Real-World Data on OCA in PBC

Video

Hepatology experts review the real-world studies of obeticholic acid for management of PBC, highlighting data that show obeticholic acid could improve clinical outcomes in PBC.

Kris Kowdley, MD, FACP, FACG, AGAF, FAASLD: I’m going to switch gears and talk about the long-term, real-world evidence that is now accumulating about the potential efficacy of obeticholic acid as a second-line treatment. We already have data from Japan with bezafibrate, which is not available in the United States but was first introduced for managing PBC [primary biliary cholangitis] as second-line treatment in Japan. They showed, in a large registry of over 8000 patients, that the hazard ratio for needing a liver transplantation or liver-related death occurring in patients with PBC was about 0.18, so an 82% risk reduction, showing that second-line treatment can be significantly additive in terms of ursodiol for preventing adverse outcomes in terms of events such as transplant or death.

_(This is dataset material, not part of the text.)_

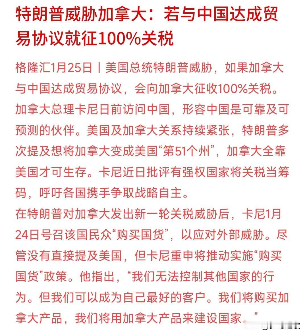 中加贸易如果达成,特朗普威胁要给加拿大加征100%关税 特朗普这是自己不能自由贸易,别的国家也别想好过,中加本来达成贸易: 1.加方对中国电动车设4.9万辆/年配额,配额内关税从100%降至6.1%; 2.中方3月前将加拿大油菜籽综合税率由85%降至约15%,重启农产品贸易 这本来就是中加双方的事情,特朗普为了不让中加做生意,就用关税威胁加拿大。 因为特朗普一直想把加拿大变成美国的“第51个州”,如果中加贸易达成,经济上就能摆脱美国的控制,就离特朗普的目标越来越远了 所以才会威胁不让中加达成贸易 不过从现在卡尼的态度看,中加之间的贸易还是很可能达成的,特朗普可能要抓狂了。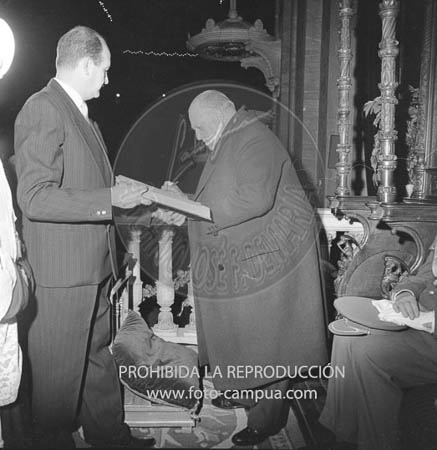 Boda de la Princesa Mª Teresa de Baviera (Tessa de Baviera) con D. Alfonso Márquez y Patiño, en San Francisco el Grande. Príncipes de España de testigos. Duquesa de Alba, Alfonso de Borbón, Gutiérrez Mellado de Coronel entre los invitados, Carrero Blanco.

There’s a study called HEROES, which is a real-world, evidence-based study using a large database comparing patients who were on obeticholic acid with patients who were not on obeticholic acid, showing a very similar risk reduction, with a hazard ratio of about 0.3 to 0.34, similar to the long-term safety extension of POISE. We have similar data from COBALT, which is the confirmatory trial of outcomes in PBC, which was stopped because of futility. One of the concerns in COBALT was what we called informative discontinuation: patients getting their alkaline phosphatase level checked, realizing that they may be on placebo, and then crossing over to active treatment. The patients who were on obeticholic acid had a very similar risk reduction of about 68% and a hazard ratio of about 0.3 to 0.34. So we have accumulating real-world evidence showing that long-term treatment with obeticholic acid in patients could improve clinical outcomes, not just blood test results. Ed, what are your comments about that, and how do you react to these kinds of data?

Edward Mena, MD: I agree with it all, and it’s an exciting time for patients in that we can halt the progression of disease with these drugs, with ursodiol as second-line therapy. When patients use them, I see a normalization of alkaline phosphatase level in most patients. I wouldn’t say 100% of patients but the majority of patients.

Kris Kowdley, MD, FACP, FACG, AGAF, FAASLD: Sonal, any comments about real-world evidence, and how does that convince you in terms of efficacy in comparison with a phase 4, traditional, randomized, placebo-controlled trial? Do you think that these are valid and useful or don’t replace a confirmatory trial?

Sonal Kumar, MD, MPH: They’re valid and useful for the patient to see that there are real-world data out there. Not that I go over all the data with them, but I tell them that we have findings from real-world studies that show that these therapies we’re using can halt disease progression. It’s very reassuring for a large number of patients. When we see them in our practice, they’re very reassured.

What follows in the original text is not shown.